I need to show that the series coming from Uk and Vk have the same limit. Obviously it's because when n is infinite, then 2n is infinite too, so they are "equivalents" but I feel l miss something.
Liam Torres
How much of the estimated energy content in the universe is EM radiation? How much gravitational influence does EM radiation have on cosmological scales? Surely not negligible since it contributes to energy density?
Leo Wilson
> I have Un and Vn sequences defined as the sum from k=1 to n of Vk is equal to the sum from k=1 to 2n of Uk. > I need to show that the series coming from Uk and Vk have the same limit.

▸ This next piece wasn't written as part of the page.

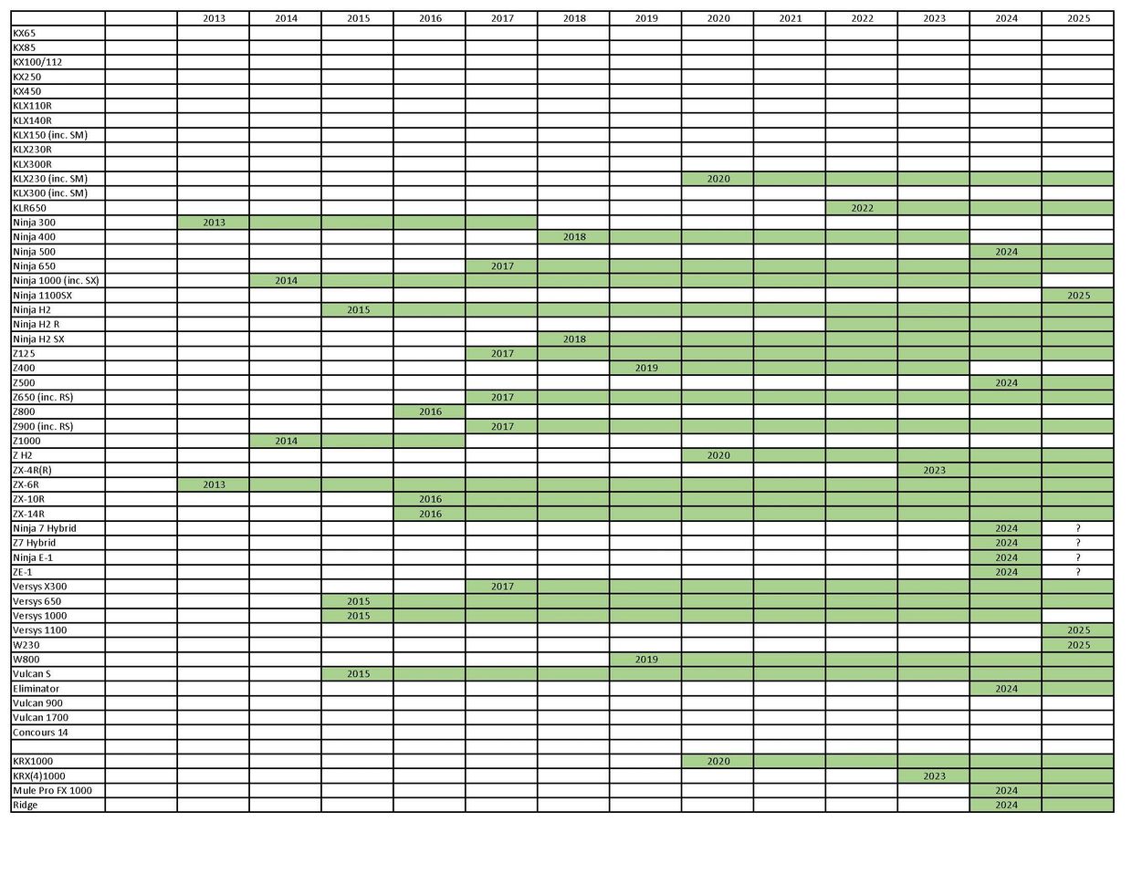 Kawasaki EDR (Event Data Recorder) or "Black Box" data has been implemented in Kawasaki motorcycles starting in 2013 with the Ninja 300 and the ZX-6R. Since then, the number of models has steadily increased. The current EDR coverage chart can be seen below.

Proof of a limit requires showing that 1. for any epsilon>0, 2. there exists an N such that 3. for all n>N, the sum to n terms differs from the limit by no more than epsilon.
Clearly if #3 holds for Uk for some N, it also holds for Uk for N/2 (the converse isn't true because the odd terms may be "worse" than the even terms).
Matthew Baker
Thanks. I knew it was true, but I wasn't very rigorous about it.
Landon Price
They are not as smart as you think. Law majoring is a meme created by a inefficient state. Occam favoring everything would end with the automatic judicial system
Carter Russell
>How do you know to place these Rs into this problem?
You assume the harmonic solution because the product of transpose matrices equals 0.
Jeremiah Martin
Could someone draw a flowchart for doing Fourier series problems? Every time I look at explanations I'm never sure how much of the stuff used is considered pre-proven that you pull out from memory vs assumed due to form vs actually deduced.
Matthew Ward
Transitive relation X > 15 & 15 > 10 -> x > 10
Julian Hall
Okay so this year I studied so fucking hard I got a scholarship to Japan, I'm starting uni in Japan april next year (actually prer year, year after that I apply to 7 unis, going for todai and TIT). The thing is I haven't touched a book since june (After my exams, hardest exams of my life) and I feel fucking retarded, also I smoked a lot of weed this year, even while studying and I've got memory problems it seems.
How do I get back on track before april? I kinda wanna review 90% math, phys and chem are easy. Any advice? Sorry for asking for handholding I just feel fucking retarded and lost right now even though last week my scholarship got confirmed.
Carter Miller
Will someone explain the controversy surrounding the axiom of choice? I don't really see how it could be argued.
Isaiah Lewis
I have a multiplication like this:
(a-(b-c))*tg(x)
How do I transform that to contain only addition? I know that I should use Taylor/Maclaurin series, but can't figure out how exactly
Jeremiah Wilson
Simplify SQRT(11-4*SQRT(7)) to the form SQRT(n) - m, where n and m are natural numbers.
Sorry for formatting, I'm on phone.
Jose Jenkins
square both sides, work backwards
Justin Brooks
what do you mean 'how it could be argued'?
Ayden White
I'll try that tomorrow, thanks.
Xavier Lewis
Can someone help me understand what exactly they're doing to the numerator to manipulate it? I can't follow it the way they have it written.